À moins d’un mois de la présidentielle d’octobre 2025, l’ancien ministre de l’Enseignement supérieur et de la Recherche scientifique, Gnamien Konan, tire la sonnette d’alarme sur l’atmosphère politique tendue qui entoure ce scrutin. Dans une déclaration aux allures de réquisitoire, il met en garde contre l’illusion que des élections, aussi transparentes soient-elles, suffiraient à réconcilier un peuple meurtri par trois décennies de crises politiques.
Pour l’ancien ministre Gnamien Konan, l’une des grandes inquiétudes réside dans l’absence remarquée des acteurs religieux et traditionnels dans la médiation nationale. « Où sont les hommes de paix ? Où sont nos religieux, nos rois et chefs traditionnels ? », s’interroge-t-il, dénonçant un vide institutionnel et moral. Gnamien Konan estime que ces figures, censées être des gardiens de l’unité et de la cohésion nationale, se sont murées dans un silence assourdissant, alors que la Côte d’Ivoire traverse une période décisive de son histoire.
Le Grand Médiateur et le Président de la République interpellés
Il interpelle également le Grand Médiateur et le Président de la République, qu’il accuse de ne pas assumer pleinement leur rôle d’arbitre et de rassembleur et pointe du doigt une élite plus soucieuse de préserver des intérêts égoïstes que de construire un avenir de paix.
Dans son analyse, Gnamien Konan ne ménage pas la classe politique, qu’il accuse de nourrir la division à des fins personnelles. Selon lui, des responsables payés par les impôts des Ivoiriens sillonnent le pays pour attiser les clivages, au lieu de prêcher l’unité. « Depuis des décennies, ces acteurs qui, sans la politique, ne seraient rien, occupent les plateaux de télévision pour vociférer la division », martèle-t-il.
Le procureur veut traiter les symptômes en oubliant la maladie
L’ancien ministre déplore également l’attitude de certains compatriotes qui, selon lui, se complaisent à dénigrer la Côte d’Ivoire à l’étranger, contribuant à ternir son image sur la scène internationale. Pour lui, la véritable maladie du pays n’est pas judiciaire mais morale et politique : « Le procureur veut traiter les symptômes en oubliant la maladie », illustre-t-il, soulignant que la réconciliation ne se décrète pas, mais se construit sur l’humilité et la reconnaissance mutuelle.

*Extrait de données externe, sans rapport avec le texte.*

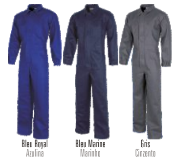
Bleu Royal Azulina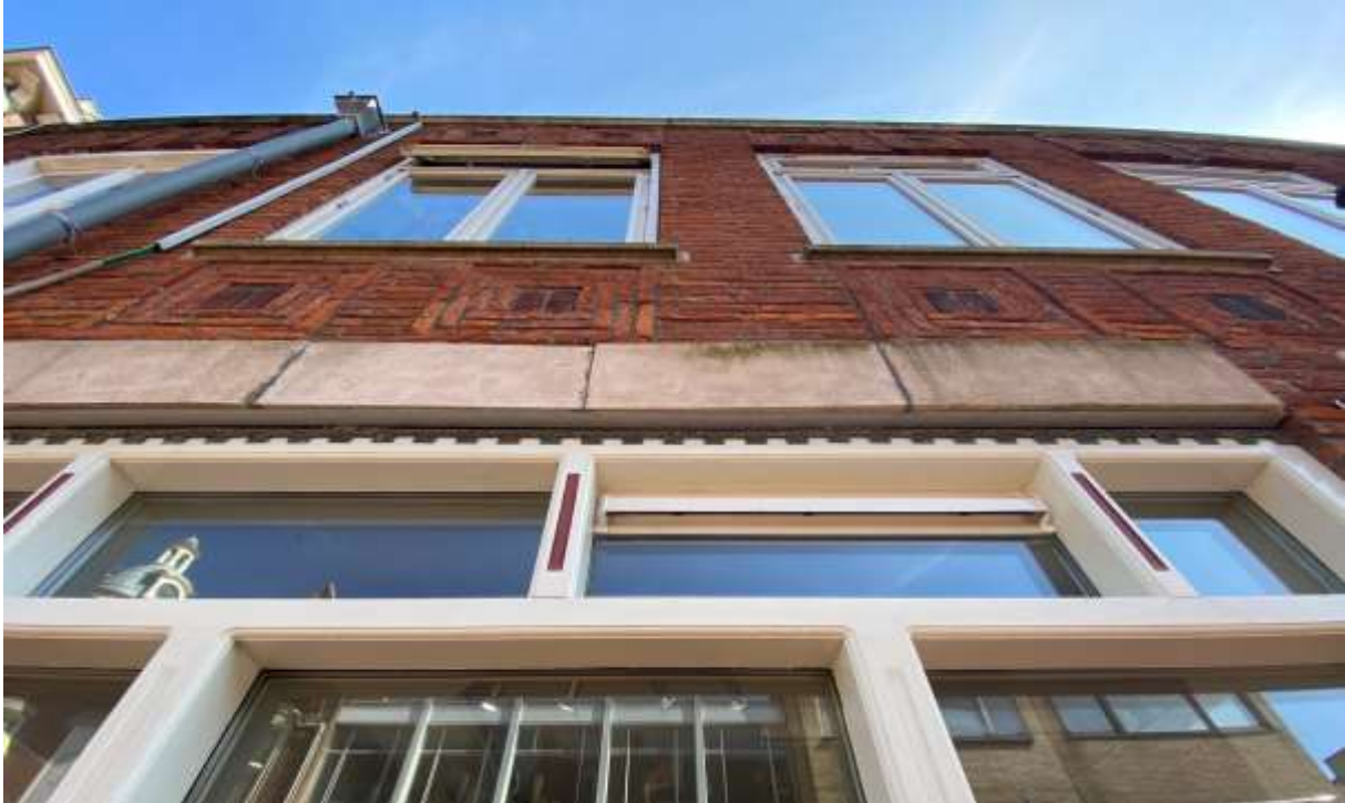
Afbeelding 4: Siermetselwerk en loodslabje met sierpatroon (2021)

De voorgevel van Spoorstraat 52 toont een drietal winkelpuien op de begane grond; alle bezitten een accent aan de bovenzijde door een brede betonlijst, waaronder een loodslabje met sierpatroon zichtbaar is. In de rechter pui bevindt zich een dubbele entree deur. De puien, alle samengesteld uit forse houten stijlen, bestaan uit grote vensters met aan de bovenzijde een rij van kleinere vensters. Tussen deze kleinere vensters is een opdikking van het hout. In het dak van de Spoorstraat 52 bevinden zich twee identieke dakkappellen.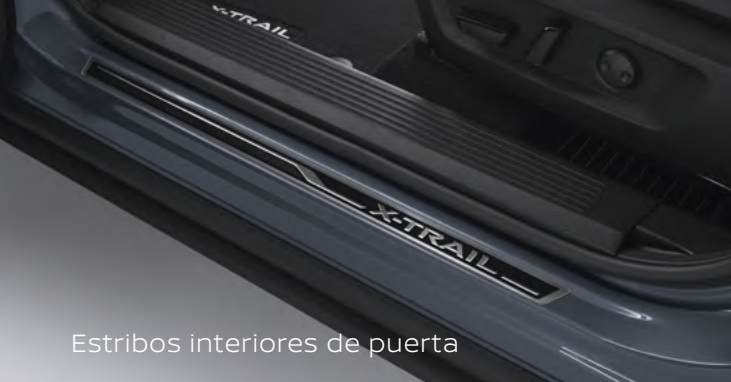
Estribos interiores de puerta

Dans son plaidoyer, Gnamien Konan invoque l’héritage de Félix Houphouët-Boigny, père fondateur de la nation ivoirienne, qu’il présente comme un modèle de dialogue et de recherche constante de la paix. Il invite les acteurs politiques à s’inspirer de cette philosophie pour privilégier l’intérêt supérieur de la nation.
Retrouvons l’esprit d’Houphouët-Boigny
« Si nous sommes vraiment les enfants d’Houphouët-Boigny, nous pouvons trouver une voie », affirme-t-il, appelant à dépasser les querelles partisanes pour bâtir une Côte d’Ivoire inclusive et prospère.
L’ancien ministre rappelle que les scrutins passés n’ont pas apporté la réconciliation attendue, mais au contraire aggravé les fractures sociales et politiques. Selon lui, les élections à venir risquent de consacrer la victoire d’un camp sur l’autre, sans pour autant rapprocher les Ivoiriens. « Voilà trois décennies que ça dure », rappelle-t-il, en soulignant que la véritable victoire ne se mesure pas au triomphe électoral, mais à la capacité de construire la cohésion nationale.
Ivoiriens, mes frères, Ivoiriennes, mes sœurs, ressaisissons-nous. Le monde entier nous regarde
Enfin, Gnamien Konan en appelle directement au peuple ivoirien. « Ivoiriens, mes frères, Ivoiriennes, mes sœurs, ressaisissons-nous. Le monde entier nous regarde », exhorte-t-il. Pour lui, la paix et la réconciliation ne relèvent pas seulement des institutions, mais de la responsabilité collective de chaque citoyen.
À travers ce message fort, l’ancien ministre met en évidence les défis majeurs de la Côte d’Ivoire à l’aube de la présidentielle 2025 : transformer le rendez-vous électoral en une opportunité de dialogue, et non en une nouvelle étape de division.